I examined the mess of red and green icing. “I think it looks amazing,” I half-lied. “Can I try one?”

“Not yet. Gran says they’re for later.”

I bet that was what Mom said. “Have you seen Gran today?”

“She’s upstairs with Grandpa. He’s sneezing a lot.”

Great.

Dad being sick was the last thing anyone needed.

This was probably a very good time to introduce myself. My name is Quinn Langley, and my family has run the Santa’s Grotto at the Christmas fair in town for the past fifty years, ever since the inception of the fair itself. The current Santa, my dad, was currently in bed with what my nurse mother insisted was the flu.

Santa could not have the flu, and this was a complete and utter disaster.

Why, I hear you ask? Because it’s ten days until Christmas, and if there’s no Santa in the grotto, there’s no Santa. Breaking fifty years of tradition was not in my family’s wheelhouse, and there was nobody else in our house who could be Santa.

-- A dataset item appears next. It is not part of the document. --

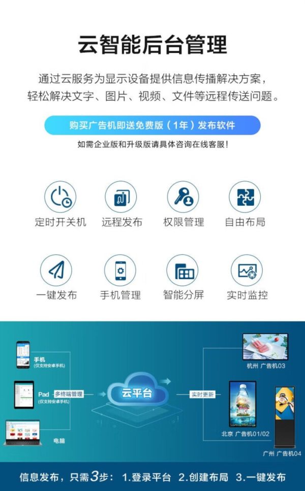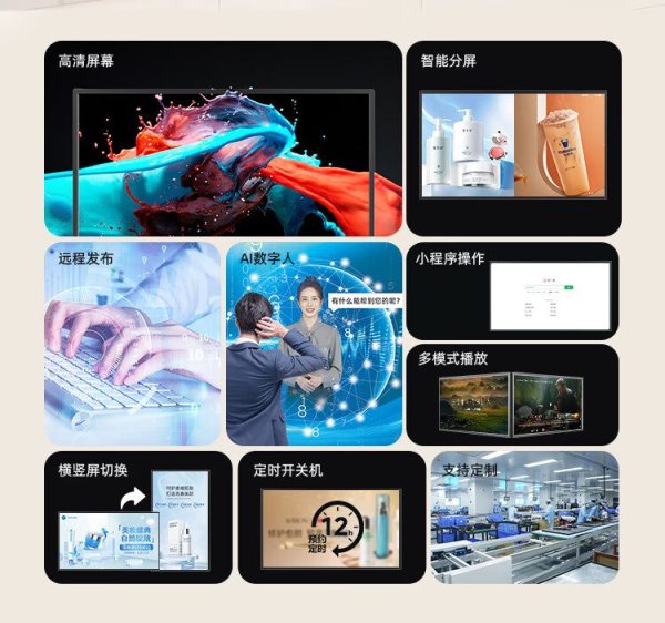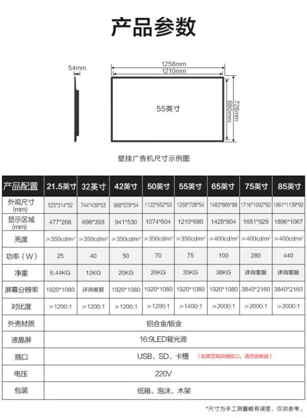 商品名称:互视达(HUSHIDA)CW-ZZGW-86G 86寸 安卓2+16G 壁挂式广告机 单位:台

My brother-in-law was too busy running the Christmas tree lot on our farm, and my sister was too pregnant to even pretend to be a man. My grandfather was evidently relying on spiked eggnog to get him through the holiday season, and I’d seen enough bad Christmas movies to know that a drunk Santa was not the best idea in the world.

As for me…

Well, no, thank you. Pretending to be a male Santa was not my idea of some holiday fun, and all those kids wiping their grubby mitts on me? Ugh, I’ll pass.

Not that I didn’t like kids. I did. I liked kids just fine. As long as they were Jasmine. I wasn’t so hot on other people’s kids.

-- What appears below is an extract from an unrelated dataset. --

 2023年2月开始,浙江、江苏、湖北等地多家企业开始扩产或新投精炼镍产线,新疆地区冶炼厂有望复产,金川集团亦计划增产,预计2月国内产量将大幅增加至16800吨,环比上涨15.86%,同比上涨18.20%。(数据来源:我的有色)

I also had the world’s shortest patience and a tendency to speak before I could think it through, a friendly gift inherited from my gramps. I didn’t think Santa was that kind of person.

Either way, if my dad’s flu test came back positive, I was in the shit.

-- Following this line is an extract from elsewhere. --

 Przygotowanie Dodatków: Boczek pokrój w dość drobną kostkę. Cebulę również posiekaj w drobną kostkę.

Because finding a new Santa would be my job, and I couldn’t think of a single person in this godforsaken town that could fit the bill.

Snow Cove, Vermont, population two-thousand, three hundred and one—soon to be two, thanks to my sister—had been named the ‘Best Small Town for Christmas Vibes’ for the past ten years. The town was a weird shape in that the boundary of it stretched out down to the mountains and one large resort for people who liked snow sports, but the edge of the old, original graveyard was close enough to the Canadian border that one could say it flirted with it. The road that ran up to and along the border was enough to stop people accidentally slipping into Canada.

Unless they were on the run from the law. Then the road didn’t stop them.

Don’t ask me how I know that. It’s a long story, and one I don’t have time to tell you right now. I will tell you that it involves a Chevy, a murderer, a puppy, and a pumpkin.

Don’t worry. No puppies were harmed.

Or pumpkins.

“Yes… Yes, thank you, Dr. Jarvis… Okay, yes, I will. Thank you.” Mom clicked off the phone call as she stepped into the kitchen. “Oh, Jasmine, look at those. They’re lovely.”

Jasmine gave her the same gap-toothed grin she’d given me, then responded by enthusiastically tipping a small pot of edible red glitter over a cookie shaped like Santa’s hat. The glitter went everywhere, making Mom wince as it scattered over the floor tiles.

That was her own fault. I told her not to give her the glitter. Edible or otherwise, glitter was made by the devil.

“Well? How did his test come back?” I asked, pouring myself a cup of coffee.

She grimaced. “Flu. Sorry, Quinn. You’re going to have to help us find a new Santa, or the grotto will have to close.”

I ignored the cup. “Are you kidding? The grotto is supposed to open in twenty-four hours. How the hell am I supposed to find a Santa in one day?”